Golding, president of the Universal Negro Improvement Association, took a chronological approach in speaking about Garvey’s influence on youth, poetry and contemporary popular music. In doing so, he spanned various aspects of the performing arts and countries.
After giving the history of Garvey’s message to members of his organisation to “keep cool” while he was held at a facility widely known as The Tombs before being sent to prison, Golding had singer/guitarist Jahiti do a musical version of the poem Garvey later developed.
Congratulating Bob Marley on being well read, Golding cited Garvey speeches by date and place from which Marley had utilised material in Who The Cap Fits (where he uses Garvey’s “man to man” in the opening line) and Redemption Song (the opening couplet of the second verse often attributed to Marley, who used Garvey’s words. Then there is Warrior King’s Virtuous Woman, in which he references Garvey when he sings “no real man can live without a woman/Like night to day is a woman to her man”.
“So Garvey is still making music even to today,” Golding said.
Burning Spear was a strong part of his Golding’s presentation. Golding explained that Garvey was under “tremendous pressure” in the later part of his life and left Jamaica for self-imposed exile. Golding said there was a determination in some quarters to suppress his legacy “and it almost worked. So we have to give thanks to people like Burning Spear”.
Roy Rayon started his post-lecture performance with two of the Burning Spear songs about Garvey, Marcus Garvey (Golding had pointed out the Sinead O’Connor version earlier) and Old Marcus Garvey.

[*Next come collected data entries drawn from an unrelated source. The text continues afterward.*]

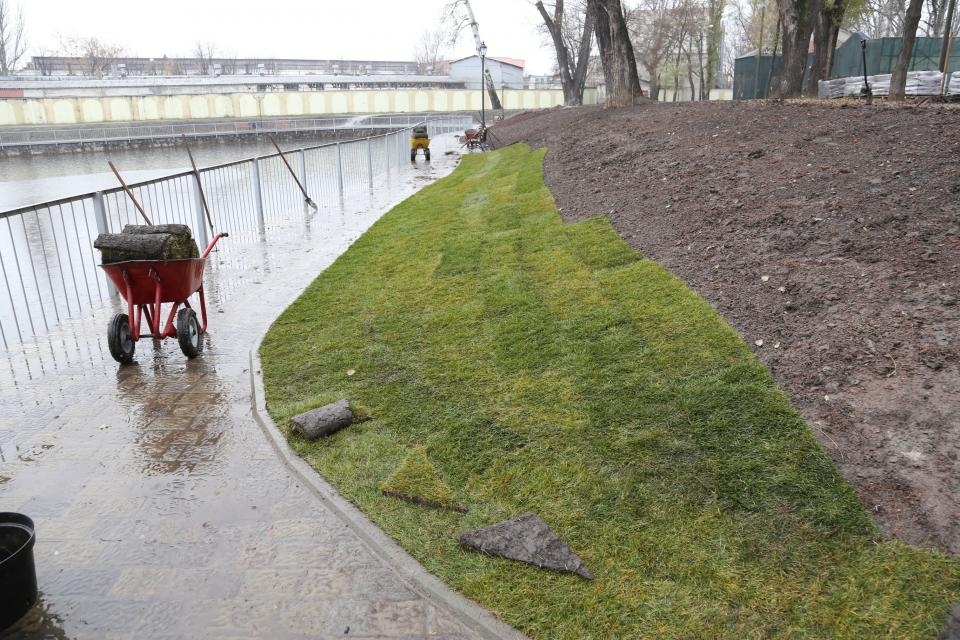 В этом году будет уложено 1 тысяча квадратных метров из предусмотренных реконструкцией 4 тысяч квадратных метров рулонного газона. По словам главного озеленителя коммунального предприятия «Благоустройство Кременчуга» Светланы Кулинич, такие работы лучше выполнять осенью, потому что трава хорошо приживается. Корень рулонного газона может расти в земле даже при температуре -5 градусов по Цельсию и крепче укореняется. И с приходом весны газон будет выглядеть достаточно привлекательно.
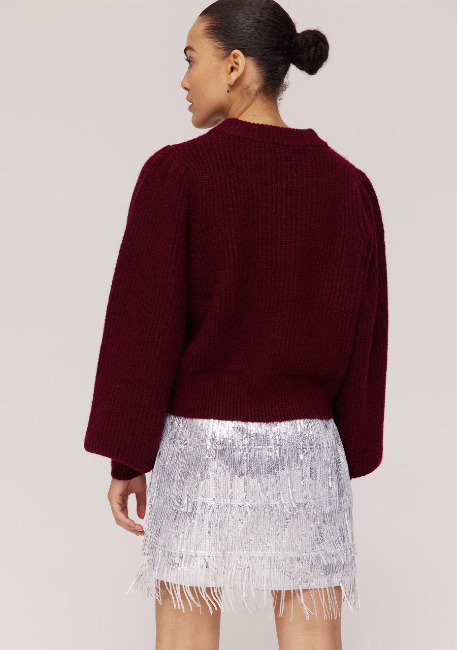 LYSANNE-JU WINE BERRY The knit youll never want to take off. De LYSANNE jumper is verkrijgbaar in zowel wine berry als icy blue. Gemaakt van een zachte blend met wol en gerecyclede vezels, waardoor de knit comfortabel duurzaam is. De losse fit maakt dit item perfect om casual te dragen met jeans of chic met een rok. Materiaal: 48% GERECYCLED POLYESTER, 30% POLYESTER, 13% ACRYLIC, 6% WOOL, 3% SPANDEX
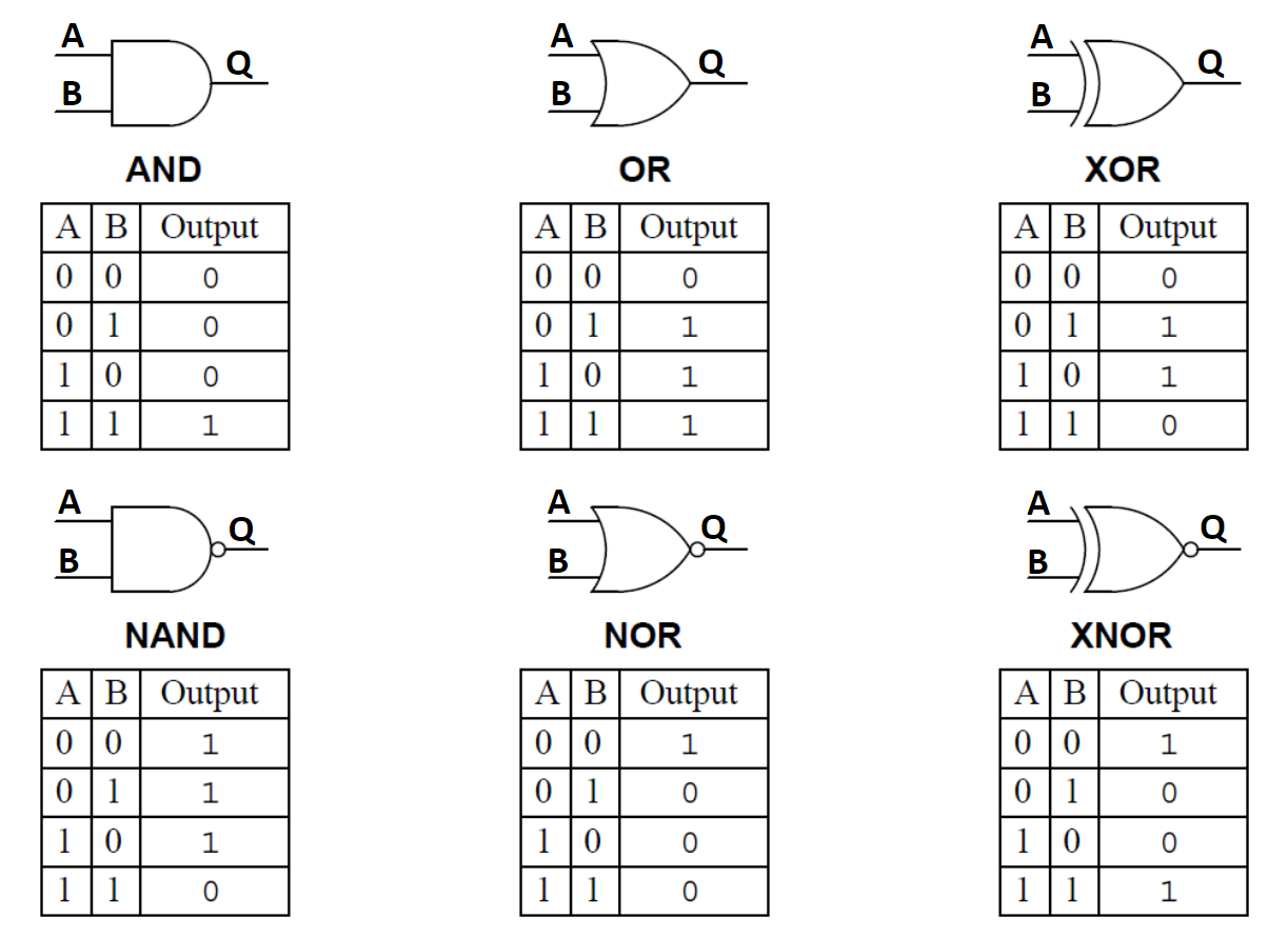 1only if its inputs are different. - NOT: An inverter that outputs the opposite of its single input.

He turned to Garvey’s own words, sarcastically thanking the USA’s federal government for Garvey’s five years of incarceration, as it was in that time that he produced the poetry referenced extensively during the presentation.
And, in thanking Golding for doing precisely what had been asked of him, director/curator of the Jamaica Music Museum, Herbie Miller, added a few tracks that are connected to Garvey, among them Max Roach’s Garvey’s Ghost. On Sunday, February 18, Miller will speak on the influence of Garvey’s philosophy and aesthetic on instrumental music.